Assessing Iran’s Hollywood Style Terror Plot

There has been lots of speculation about the recent strange Iranian plot to assassinate the Saudi Ambassador to Washington. Iran is a world champion at long-distance strategic terror – as I’ve written before about the assassination campaign in Europe and the terrible 1994 AMIA bombing in Buenos Aires.

But this one seems strange. Wire transfers and cell-phone calls can be monitored and it was not done through a complex chain of cutout. The hallmark of previous Iranian terror is excellent tradecraft, and the reports so far do not show much sign of that.

Also, the idea of hiring a Mexican cartel to carry out an assassination is good Hollywood fodder. The Secretary of State is wrong when she says, “You can’t make this stuff up.” In fact it is the stock and trade of a decent screenwriter. But outsourcing terror is not an easy thing to do. First, why would a Mexican cartel want to get involved in something like this, they could easily makes millions a month on drug-trafficking – so why bother with a far-fetched plot for only $1.5 million? Further, a plot like this could potentially bring enormous, negative attention on them. On the Iranian side, they must know that criminals can be umm… unreliable.

Also, criminal gangs, just like terrorist groups, know that they are subject to infiltration and consequently are careful in whom they do business with and how they do it.

In the past I’ve speculated that Iran may have lost its long-range terror capability, which is one reason they haven’t avenged the death of Hezbollah operations chief Imad Mughniyeh.

An attempt to hire a Mexican cartel would further support this hypothesis, but I did not argue that they had lost their long-range terror abilities because they were stupid.

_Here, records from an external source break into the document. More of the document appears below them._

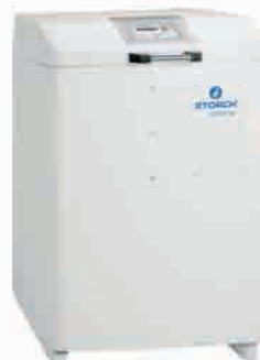
obj. č. 61 30 00
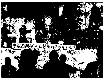
平成23年子ども樽太鼓

これからも冠羽自治会にこだわらず、多くの皆さんと協力しながら続けていけたらいいなあと思っています。
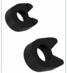
Optional: Schutz-Abdeckung für den Ratschenkopf.
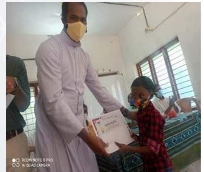
Prize Distribution (23/01/2021)
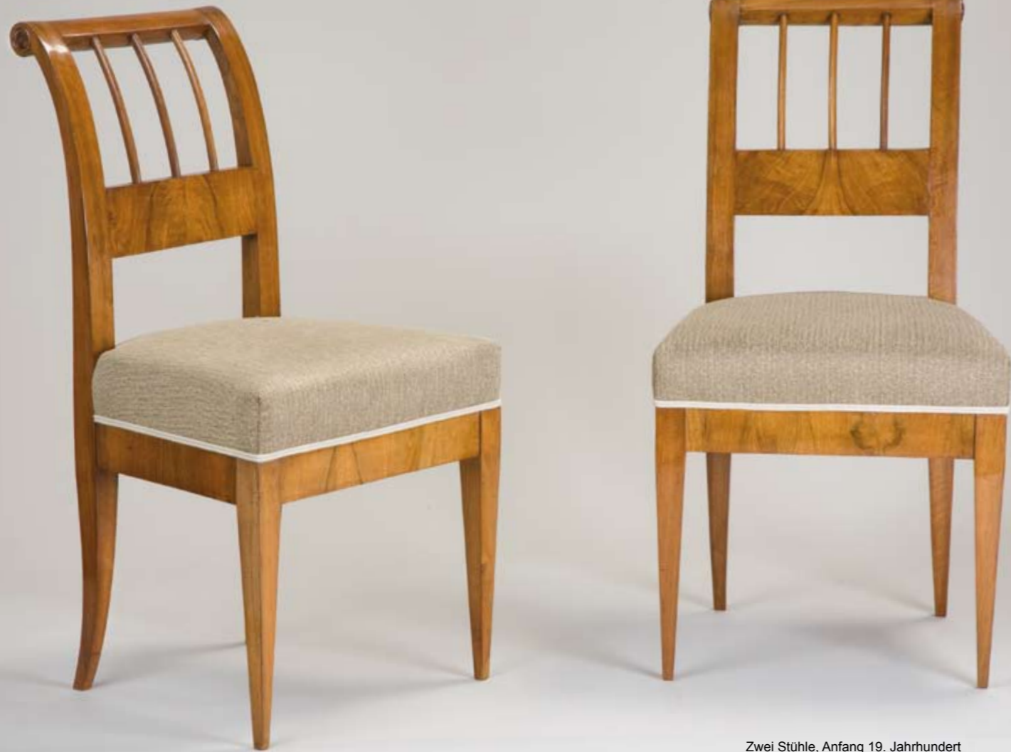
Zwei Stühle, Anfang 19. Jahrhundert

Wiener Mobiliar aus der 1. Hälfte des 19. Jahrhunderts
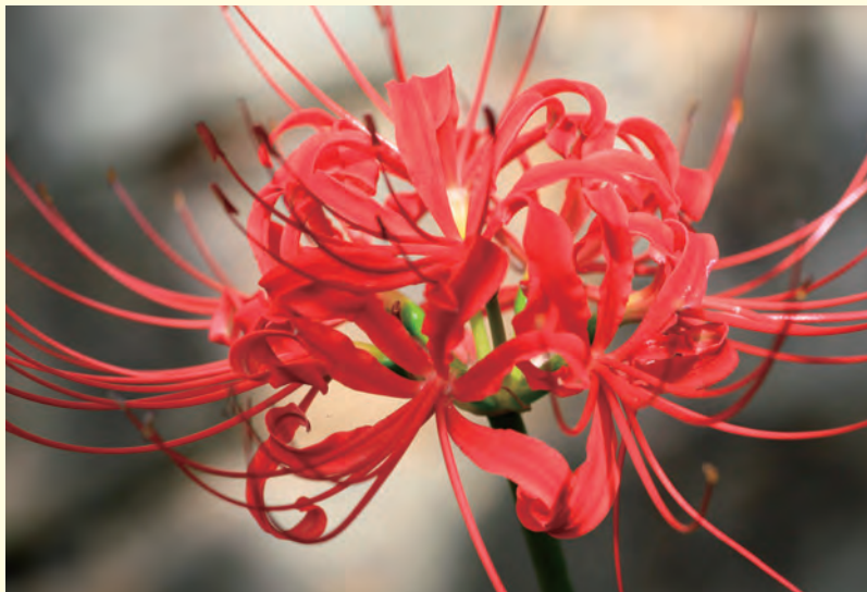
花言葉は、「情熱」「思うのはあなた一人」等

品種改良が進められ、何百という新しいものが生み出されており、リコリスという名前で、少しずつ人気も出てきました。
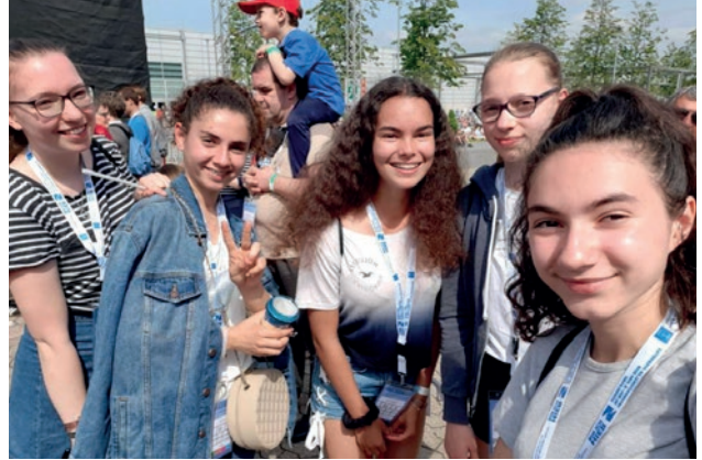
Te rinj nga Shqipëria dhe Krefeld-i

Kjo ngjarje ka lënë mbresa në mendjet tona dhe është e pamundur mos ta kujtosim në çdo moment.
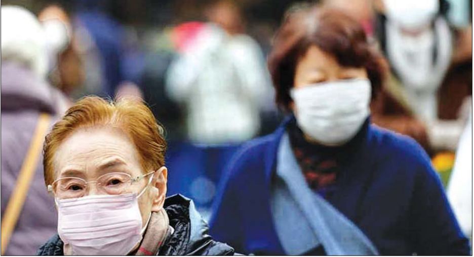
တိုကျိုမြို့ ဈေးရောင်းဈေးဝယ်နေရာတစ်ခုတွင် လမ်းသွားလမ်းလာများ နှာခေါင်းစည်းများ တပ်ထားသည်ကို ဇန်နဝါရီ ၁၆ ရက်က တွေ့ရစဉ်။

ကိုရိုနာဗိုင်းရပ်စ်၏ မျိုးရိုးဗီဇအသစ်တစ်ခုကို တရုတ်နိုင်ငံ ဝူဟန်သို့ သွားရောက်လည်ပတ်ခဲ့သည့် အမျိုးသားတစ်ဦးတွင် တွေ့ရှိခဲ့ကြောင်း ဇန်နဝါရီ ၁၆ ရက်က ဂျပန်ကျန်းမာရေးဝန်ကြီးဌာနမှ ပြောကြားလိုက်သည်။
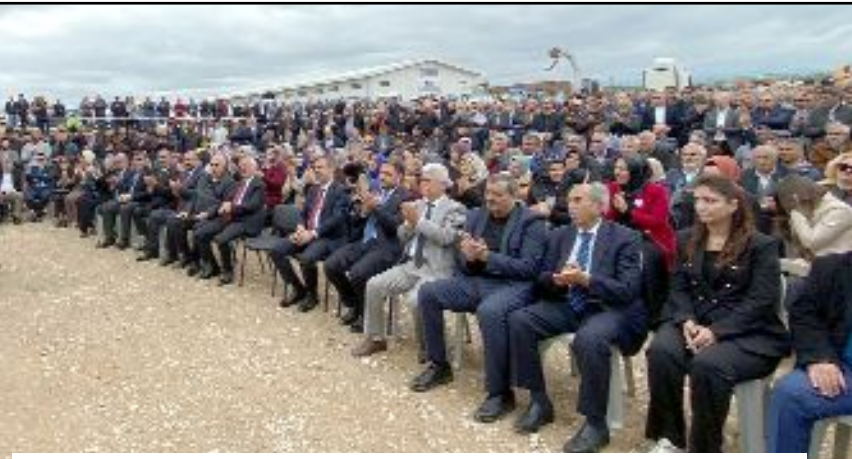
Sungurlu OSB'de tamamlanma aşamasına gelen barut, fişek ve kapsül üretim tesislerinde, deneme üretiminin başlaması nedeniyle tören düzenlendi.
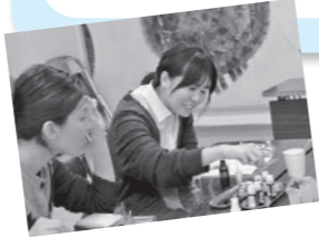
夏に向けて、オリジナルスプレーを作ってみませんか?

■問い合わせ (一財)遠野市教育文化振興財団事務局(☎0198-62-6191)
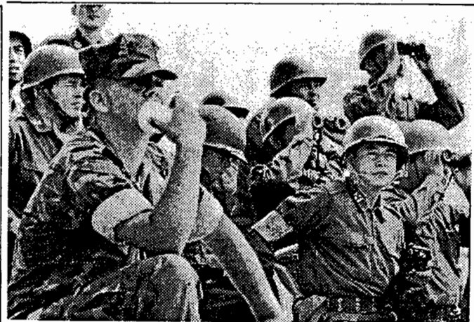
ブルービーチの特設観覧席で米兵に交じって演習を見学する自衛隊員 = 7日、沖縄本島中部で
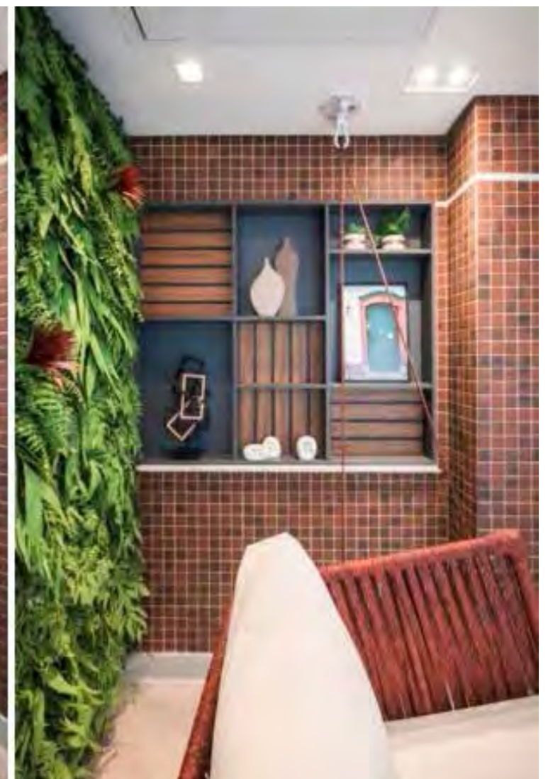
Versátil, o jardim vertical é sempre muito bem-vindo dentro de qualquer estilo decorativo
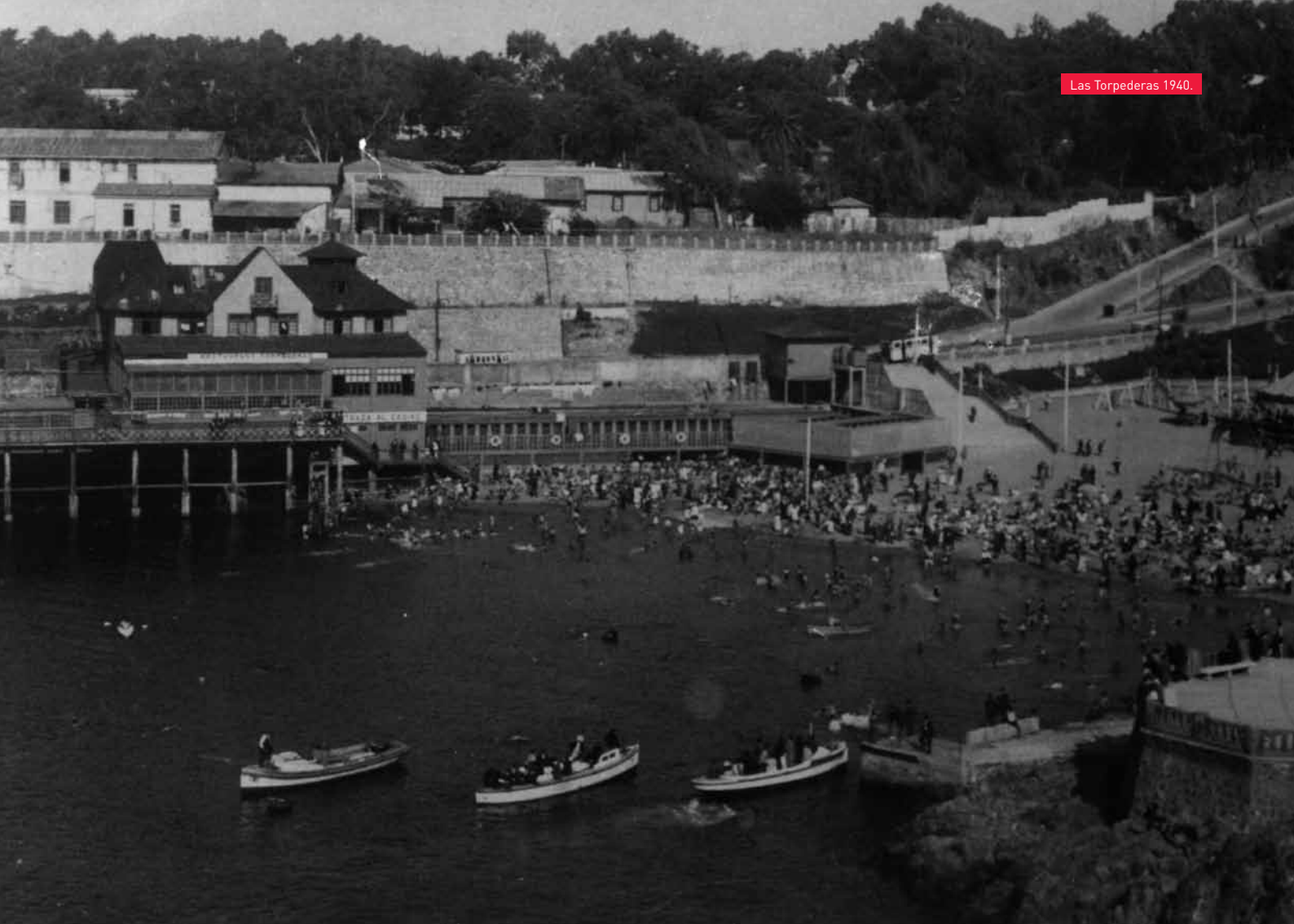
Las Torpederas 1940.
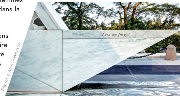
Lest we forget
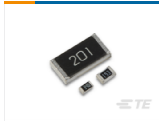
TE 产品编号2-2176330-7 CRGP 2010 1K5 1%
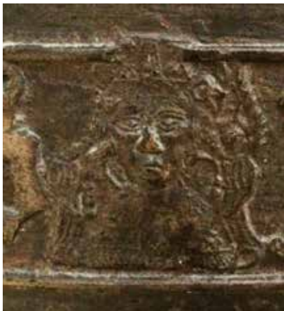
Afstøbning af pilgrimsmærke, der viser Skt. Servatius fra Maastricht. I 1403 fik man i Maastricht et hovedrelikvarium, hvis udformning minder om denne afstøbning. Derfor er mærket nok støbt mellem 1403 og 1437, hvor døbefonten bliver støbt.
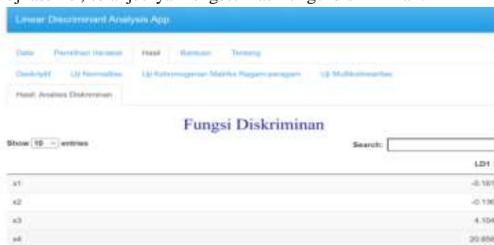
Gambar 16 Estimasi Fungsi Diskriminan pada LDA App

5. Setelah dilakukan uji asumsi, selanjutnya mengestimasi fungsi diskriminan.
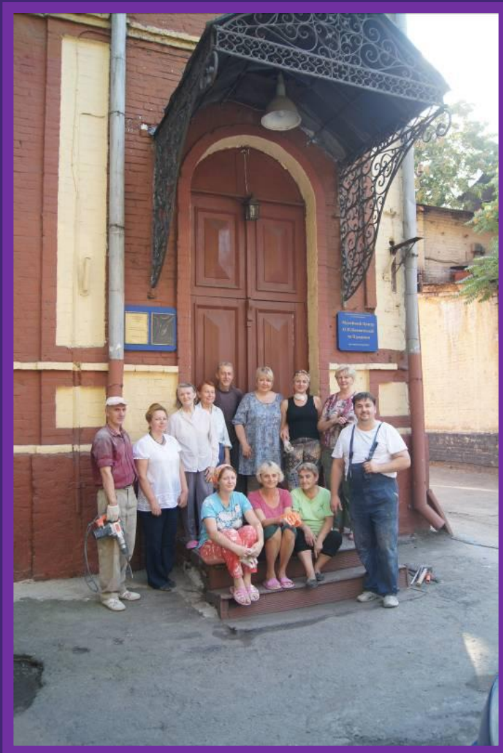
#13. Участники 2-й Международной волонтерской декады на крыльце Музейного центра Е.П.Блаватской и её семьи.
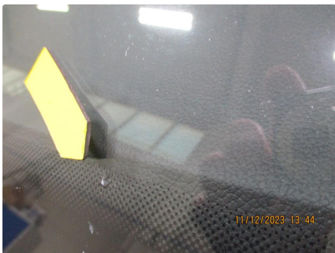
1.7 Steinsprut frontrute - repareres
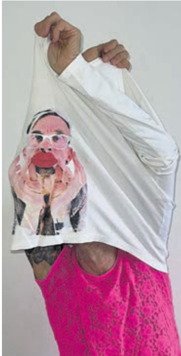
De Roze Kunstlijn hult zich in Love.

De Roze Kunstlijn is vanaf nu te zien tot in de eerste week van januari. Officiële opening 31 oktober van 14.30-16.30 met korte praatjes en muziek in aanwezigheid van veel van de dertig kunstenaars.
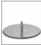
Drehteller versch. Metallf. Mehrpreis 3 Sitzh.
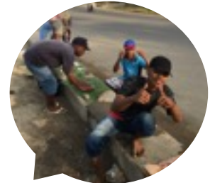
スマホを向けると喜んでポーズ

東ティモールに到着し、早くも1ヶ月が経とうとしています。 ここは私がイメージしていた途上国とは違い、モノは輸入品で何でも揃います。でも輸入品は日本と物価が変わりません。 今回は私がこれまでに感じた首都ディリについて紹介します。
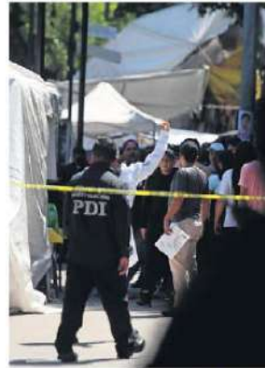
Los policías fueron alertados por el C2 sobre una balacera.
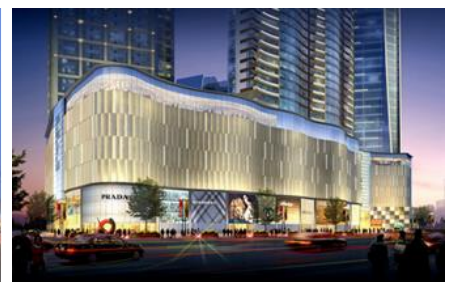
長沙海信広場(湖南省長沙市)

One possibility is that this “plot” was something of a rogue operation designed by one Iranian faction to embarrass another – possibly linked to efforts to improve relations to the US and/or Saudi Arabia. Under this scenario, even the plot’s failure is a success because now any quiet negotiations are quashed in their infancy. But I can’t speculate on who in Iran would be up to this – Iranian politics is a bit of a black box and, to paraphrase Teddy Roosevelt (discussing looking after his daughter Alice), “I can follow Iranian politics or I can have a life. I can’t do both.”